If you're always battling against getting older, you're always going to be unhappy, because it will happen anyhow....It is impossible for the old not to envy the young. . .But the issue is to accept who you are and revel in that. I had my time to be in my thirties, and now is my time to be 78. You have to find what's good and beautiful in your life as it is now. Looking back makes you competitive and age is not a competitive issue. . .The truth is part of me is every age. I'm a three-year-old, I'm a five-year-old, I'm a 37-year-old, and I’m a 50-year-old. I've been through all of them and I know what it's like. I delight in being a child, when it's appropriate to be a child; I delight in being a wise old man when it's appropriate to be a wise old man. Think of all I can be! I am every age up to my own... How can I be envious of where you are—when I've been there myself? (Tuesdays with Morrie, pgs. 119-121)

Related Article: Turning 30

Age of Transformation

I started thinking about what it means to turn 40.

The Sages tell us that we receive the gift of binah, understanding, at age 40 (Avos 5:21). This seems to be what occurred to the great Talmudic sage, Rebbi Akiva, who completely transformed his life at age 40, going from an average and ignorant shepherd to a path which made him one of the greatest Torah scholars and righteous men who ever lived. The fact that Rebbi Akiva began his journey at age 40 can’t be coincidental. The Sages indicate here that at age 40, great transformation can and is supposed to occur.
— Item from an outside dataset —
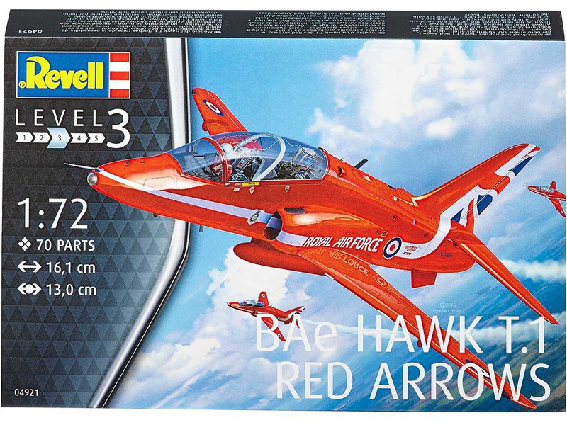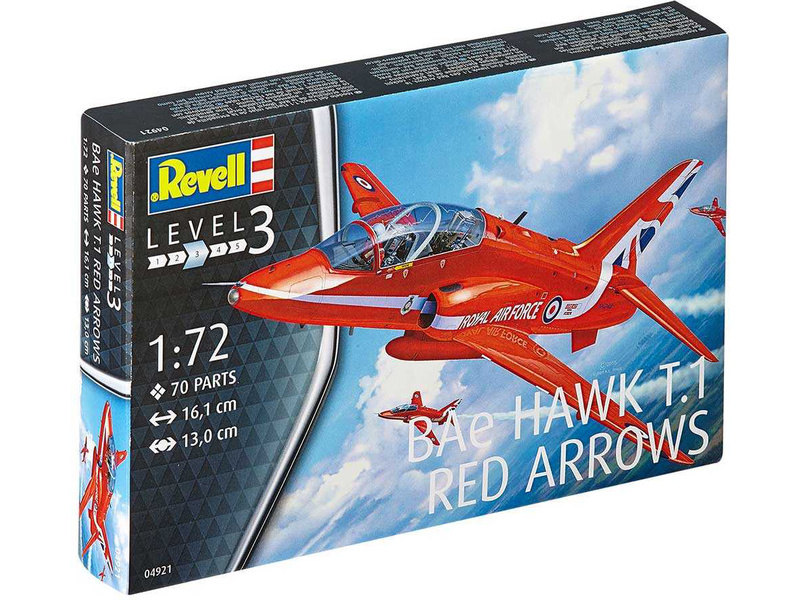 Plastikový model Revell 04921 – letoun BAe Hawk T.1 Red Arrows v měřítku 1:72 ke slepení. Stavebnice obsahuje 70 dílků, rozpětí křídel 130 mm, obtížnost 3.

So for my 40th birthday, I decided to take my newfound gift of understanding and apply it to my life. I decided to dream again. I wanted to feel the feelings I felt when I was 18 and life was an open book. There were so many dreams and ideals that I had about how my life would go. When I got married some years later, there were even more dreams. I would study Torah at least four hours a day and in great depth (while holding down a busy job?). I would never get into an argument with my wife (yes, a dreamer). I would never get too stern with my kids (a big dreamer).

I wanted to reconnect and experience those dreams and feelings.
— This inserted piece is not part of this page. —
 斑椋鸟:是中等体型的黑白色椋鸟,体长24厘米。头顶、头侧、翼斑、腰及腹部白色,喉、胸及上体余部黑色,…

The first thing I did was to run down to my old, dusty notebooks from when I was a young man in yeshiva college. I turned the pages and read the lecture notes and words I wrote 20 years ago. I re-entered that world of being a full time student. The intellectual and emotional growth I accessed in those foundational years. The feeling of sheer pleasure and spiritual growth living without too many of the pressures of life and financial worries that come with raising a family.

“When your memories exceed your dreams, the end is near.”

For my 40th birthday I resolved to grow with greater conviction, to study Torah more diligently, to be a better husband and father, to communicate with God more personally.

Although I’m entering middle age, I will never be ‘over the hill’ as long as I still feel like climbing.

Yes, I have many responsibilities and stresses in my adult life over 40, and I’ve experienced many past disappointments and failures, but I can still try to live with the idealism and vigor of youth.

There is a famous aphorism which states that “When your memories exceed your dreams, the end is near.”

When a person lives more in his past than looking forward and yearning for the fulfillment of future dreams, then the outlook for his life is not very optimistic. If he thinks he has nothing more to live for and that “the best years of his life are behind him,” his life is a sad one. Someone who is passionate about his dreams and aspirations feels he has so much more to live for. His life is infused with joy and meaning.

As long as we are still breathing, we have much to accomplish. Every day of our lives we are to be growing, developing, and improving.

As Bernard M. Baruch put it, “To me, old age is always 15 years older than I am.”